Another protein, Sprouty, inhibits EGFR internalization and ubiquitination by the inhibition of c- Cbl, thus inducing a recycling of the receptor to the membrane (Wong et al., 2002;Stang et al., 2004;Haglund et al., 2005). After internalization, EGFR transits from early to late endosomes where it still signals (Sorkina et al., 2002) and then, to multivesicular bodies (MVB) where it is degraded by lysosomes (Repetto et al., 2007). Even if lysosomal degradation is the commonly admitted pathway, these past decades, several groups showed that EGFR could also be degraded via the proteasome. So far, many studies showed that inhibition of the proteasome by inhibitors (MG132, bortezomib) decreased EGFR degradation (Longva et al., 2002;Sloss et al., 2008;Feng et al., 2007), increased its activation (Sloss et al., 2008;Sloss et al., 2010) and increased its recycling to the membrane (Levkowitz et al., 1998). Levkowitz et al. also showed that EGFR could be degraded by the 26S, a component of the proteasome, in vitro (Levkowitz et al., 1999). Recently, Zhou et al. (Zhou and Yang, 2011) characterized degradation of activated EGFR via the proteasome as c-Cbl independent.
40
Figure 22: a model of EGFR internalization and degradation mechanism (from (Thien and Langdon, 2005));
(a) Growth factor (GF) binding induces RTK tyrosine phosphorylation and the recruitment of Cbl to the activated receptor by adaptor proteins such as Grb2, which is required to support receptor endocytosis.

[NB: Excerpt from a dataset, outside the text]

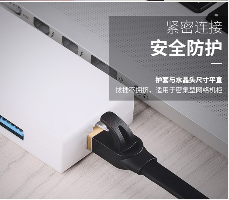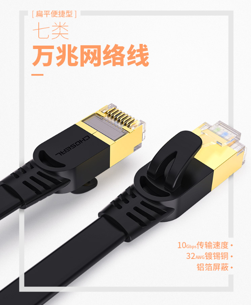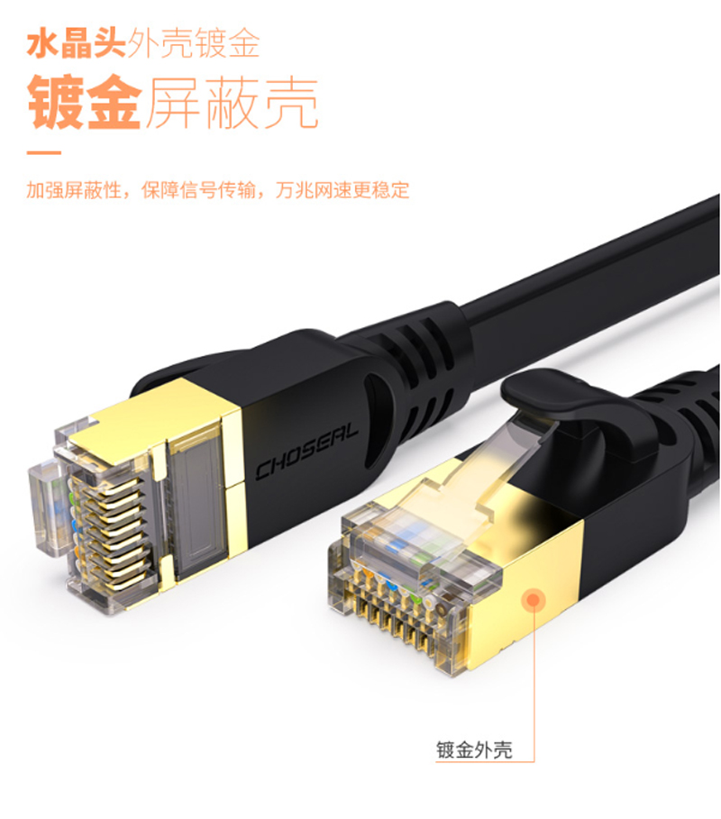 商品名称:☆秋叶原 CHOSEAL QS5178A 七类扁平网线(带镀金水晶头) 0.5米 黑色

This allows the TKB domain to engage a specific phosphotyrosine on the RTK. Activation of Src kinases after GF binding induces the tyrosine phosphorylation of Cbl and other proteins, including Sprouty. The association of Sprouty with the RING finger domain initially inhibits Cbl's recruitment of Ubc enzymes (E2s), but tyrosine phosphorylation of Sprouty removes this inhibition by displacing it from the RING finger to now interact with the TKB domain (b). This allows the RING finger to recruit an E2 conjugating enzyme which promotes the polyubiquitylation of Sprouty (c) and its subsequent proteasomal degradation (d). The TKB domain is freed to target the receptor (pTyr1045 of the EGF receptor) and the E3 ligase function of Cbl can then catalyse the transfer of a ubiquitin molecule from the RING-finger-bound E2 to the RTK (e). This process has been found to be sufficient to mediate receptor internalization. Continued addition of ubiquitin moieties leads to multi-ubiquitylation which marks the RTK for intracellular trafficking to the lysosome, where the receptor is degraded. Tyrosine phosphorylation of Cbl also enhances the recruitment of a CIN85–
endophilin complex through a novel proline-arginine motif (shown as PR). This protein complex helps to promote receptor internalization by causing the membrane to invaginate. Cbl tyrosine phosphorylation also recruits SH2-domain-containing proteins, such as Crk and p85 (not shown), and this recruitment can enhance signalling responses from the receptor. For simplicity, the Grb2–Cbl interaction is not shown in (e), although it still contributes to maintaining Cbl's association with the receptor. Ub, ubiquitin.